In between A City of Sadness, one of the definitive films on Taiwan’s political past, and The Assassin, the wuxia film that just took home the Best Director prize at Cannes 2015, Hou Hsiao-Hsien came out with Three Times, a meditation on love and change featuring a radical cinematic conceit: the same two actors, Shu Qi and Chang Chen, play the main characters across three narrative segments set at three different points in history. This flight of fancy seems out of place in a film otherwise grounded in mundane environments, but under Hou’s sure hand, this bold impossibility grows into a key aspect of Hou’s exploration of very real realities – for one, the way “love,” both as a word and as a social practice, has changed over the years; for another, the way Taiwan has shifted as a cultural and political entity throughout the past century. I will propose some thoughts on the specific contributions of this unique casting job at the end of this review – for now, just know that Hou tells of love’s changing face through narrative and of Taiwan’s through allegory. The resulting experience, though burdened by poor pacing in its middle section, coheres around Hou’s very particular vision of what change means for both individual and country.

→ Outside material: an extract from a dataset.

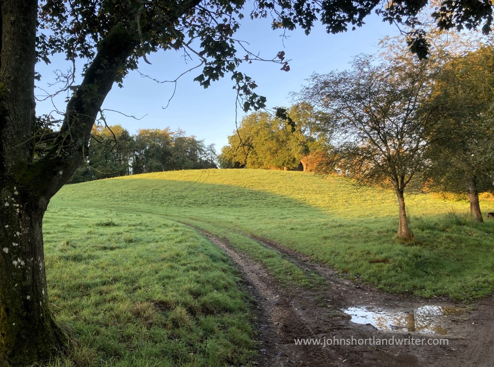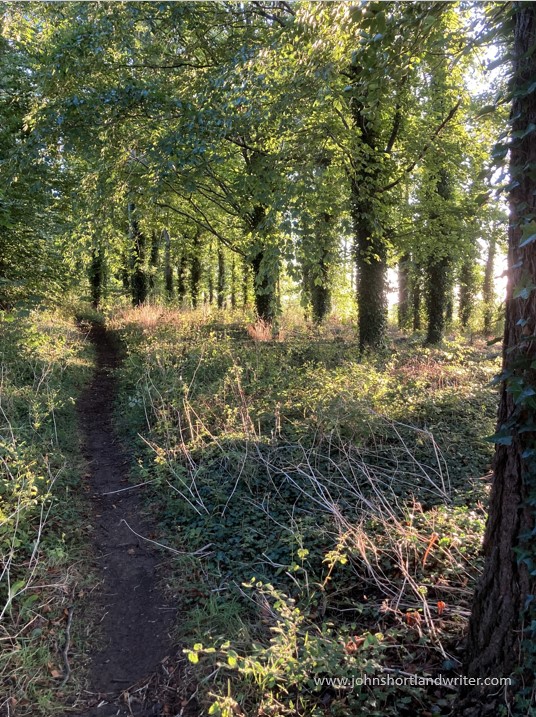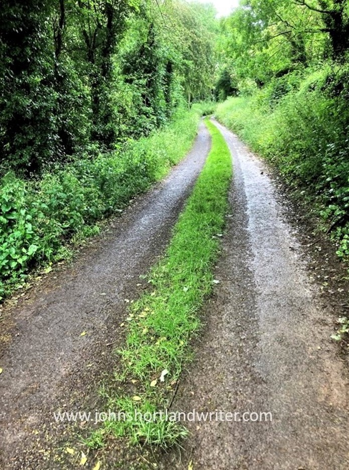 Although the path, now a wider track, looks obstructed here, the farmer/landowner has to leave the gate unlocked so that people on foot or on horseback can pass. Crossing the lane it returns to being a path, this time skirting a large wood. Now hidden by high hedgerows in the spring when the leaves are all bare, the woodland floor is carpeted with bluebells. In the centre of the field is a stand of mature oaks. Why were they left there? For me, they always have a mystical look about them; stepping into their midst the atmosphere changes as if its centuries old story is being told to those that might listen. Perhaps it’s just my imagination but the fancy is palpable.

Unsurprisingly, the historical moments Hou selects are packed with significance; even as the characters’ interactions take center stage, the background noise of each era remains equally interesting. In order of the plot’s chronology, the first chapter of the film, titled “A Time for Love,” is set in 1966. The first image immediately transports us into a nostalgic space: a game of romance doubles as a game of pool, one where the clacking of balls shares the soundtrack with the Platters’ “Smoke Gets in Your Eyes,” where guy and girl steal glances at each other when they think the other isn’t looking. You can practically taste the muggy wet air setting in after a summer rain, feel the electricity of new love on your skin. This exquisite opening sets the tone for the entire segment. “Love” in “A Time for Love” comprises the kind of innocent, youthful sweetness you think of when you hear of soldiers sending love letters to their girls back home; the chapter revolves around this exact story. Chang plays a serviceman named Chen who meets May (Shu), the young woman who runs the local pool room. After a single encounter, he decides to write to her while he’s on duty, and he does. But when he returns to the pool room, he finds that she has moved. What follows is a gently whimsical odyssey through various Taiwanese towns as Chen tries to locate his lost love.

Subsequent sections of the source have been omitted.